VITA-Group / GNT

[ICLR 2023] "Is Attention All NeRF Needs?" by Mukund Varma T*, Peihao Wang* , Xuxi Chen, Tianlong Chen, Subhashini Venugopalan, Zhangyang Wang
https://vita-group.github.io/GNT
MIT License
340 stars 25 forks source link

How to apply multi-gpu training? #13

Closed lifuguan closed 1 year ago

lifuguan commented 1 year ago

Hello, thanks for the great work! I'm wondering how can we apply mulit-gpu training?

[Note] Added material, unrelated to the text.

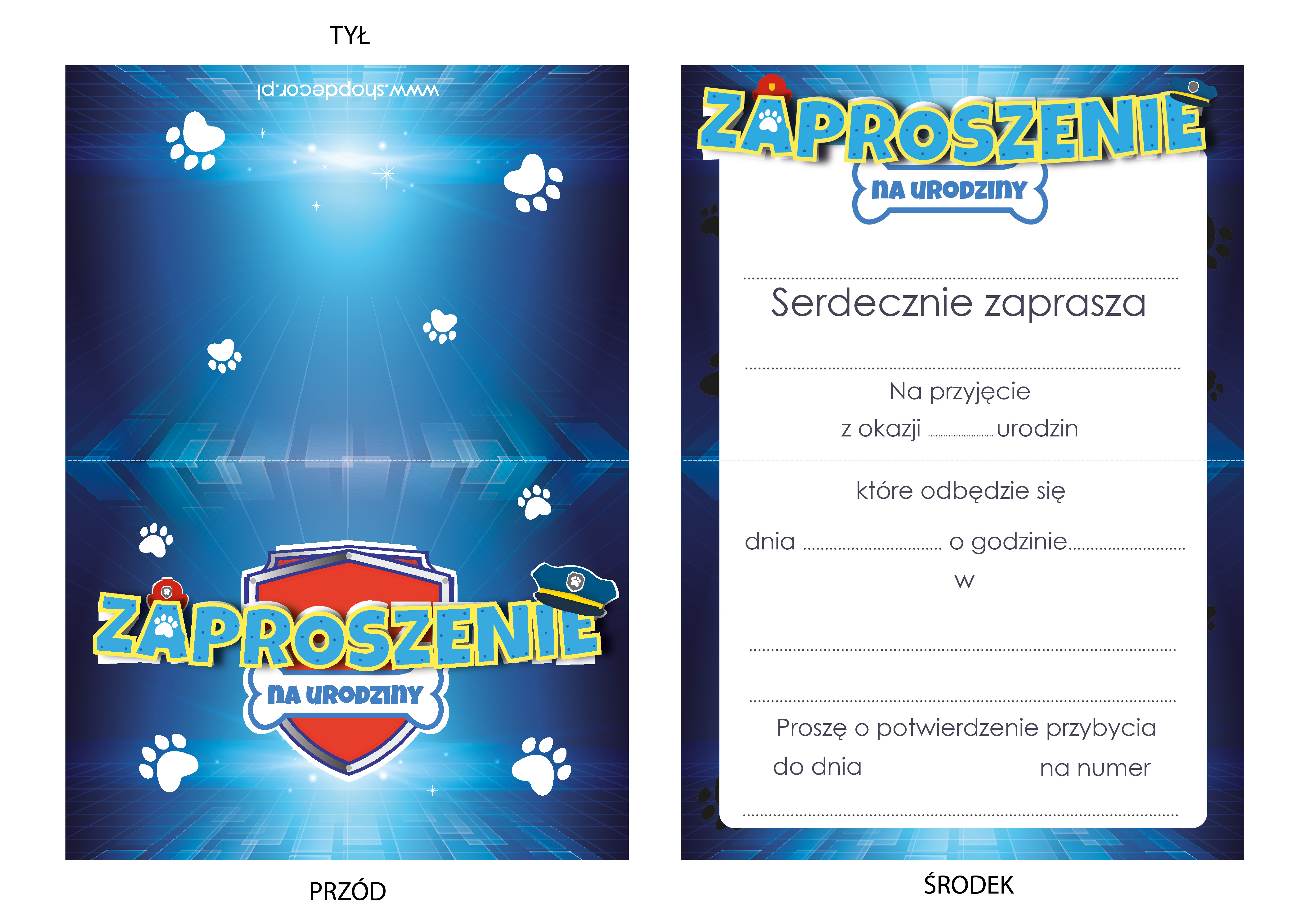 ZAPROSZENIE NA URODZINY PSI PATROL PAW PATROL CHASE MARSHALL + KOPERTA

I use the following command

python train.py --config configs/gnt_ft_rffr.txt --distributed --local_rank 2

but it occurs the following problems:

Error initializing torch.distributed using env:// rendezvous: environment variable RANK expected, but not set

The distributed training code of train.py is shown below:

    if args.distributed:
        torch.distributed.init_process_group(backend="nccl", init_method="env://localhost:50000")
        args.local_rank = int(os.environ.get("LOCAL_RANK"))
        torch.cuda.set_device(args.local_rank)
MukundVarmaT commented 1 year ago

Hi,

Thank you for your interest in our work! To train on multiple GPUs,

python3 -m torch.distributed.launch --nnodes=1 --node_rank=0 --nproc_per_node=<num-gpus> --use_env --master_port=21221 train.py ... (remaining args)

lifuguan commented 1 year ago

Thanks! One more question following the issue, if I train the model with 8 gpus, should I change N_rand from 4096 to 512?

MukundVarmaT commented 1 year ago

Yes, thats correct!